# Trying to decide on Harman vs. Quadrafire



## JoeR3155 (Mar 5, 2017)

Hello All,
This site has been a huge help to this novice trying to learn about Pellet stoves.  After doing lots of on-line research, I'm still struggling to decide on a pellet stove, and yes, it's the age-old question of Harman vs. Quadrafire. I've seen this described as the same as a  "Ford vs. Chevy" debate, but nevertheless I'd value some input.

The stove will be going into our 1100 sq ft. seasonal cottage in New Hampshire.  We are looking to be able to use the cottage from early spring through late fall, but won't be using the system in the dead of winter.

There's a Quadrafire dealer in our area that's got a very good reputation, and we (okay, my wife) were quickly attracted to the Mt. Vernon AE.  Here's what we like about it: Quietness, ability to connect a programmable thermostat (so we can pre-heat prior to arriving on the weekend), ability to run (sort of) off of a battery, large hopper, and the dealer reputation.

But I'm a little put off by things I've read about expensive parts on the Quad.

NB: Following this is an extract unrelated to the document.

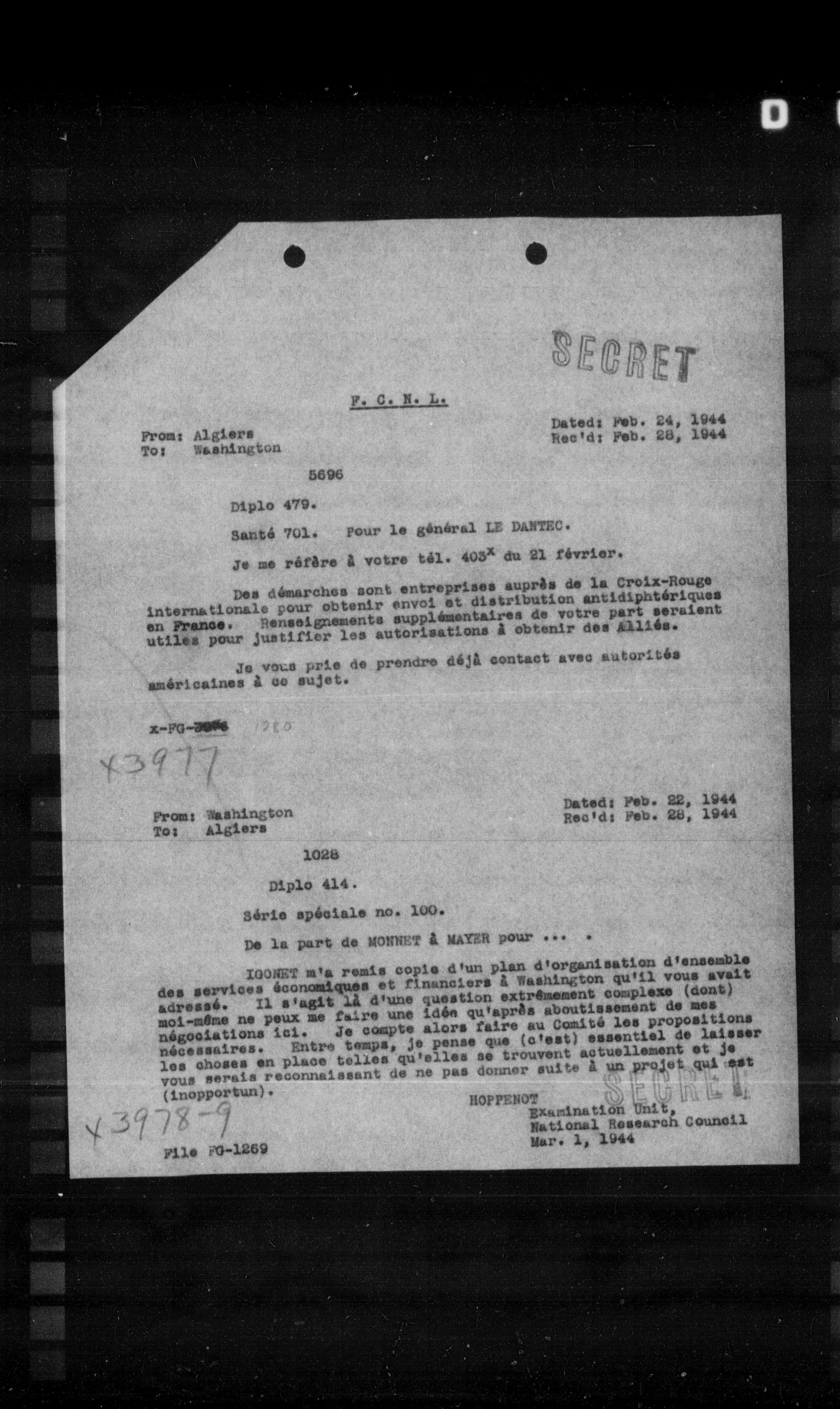 De la part de MONNET à MAYER pour . . .

We're also considering the Harman Absolute 43.  We don't know anything about how good the Harman dealer is, but I would guess if they stunk then Harman wouldn't keep them on (?). On the plus side is the Harman reputation - big in my eyes, and that the stove can be cleaned without turning it off (according to the sales rep).  The downside to the Harman is that it can't connect to a programmable thermostat, and we'd need to get an inverter (plus battery) to run during power outages.  Also, we don't know anything about the dealer, which concerns me a bit.

The bottom line is:  We like the features on the MVAE better - and also the dealer - but I don't want to be second guessing myself if we buy a unit with reliability issues.  I'd rather have a reliable stove that needs a little more maintenance, than a low maintenance stove that breaks down.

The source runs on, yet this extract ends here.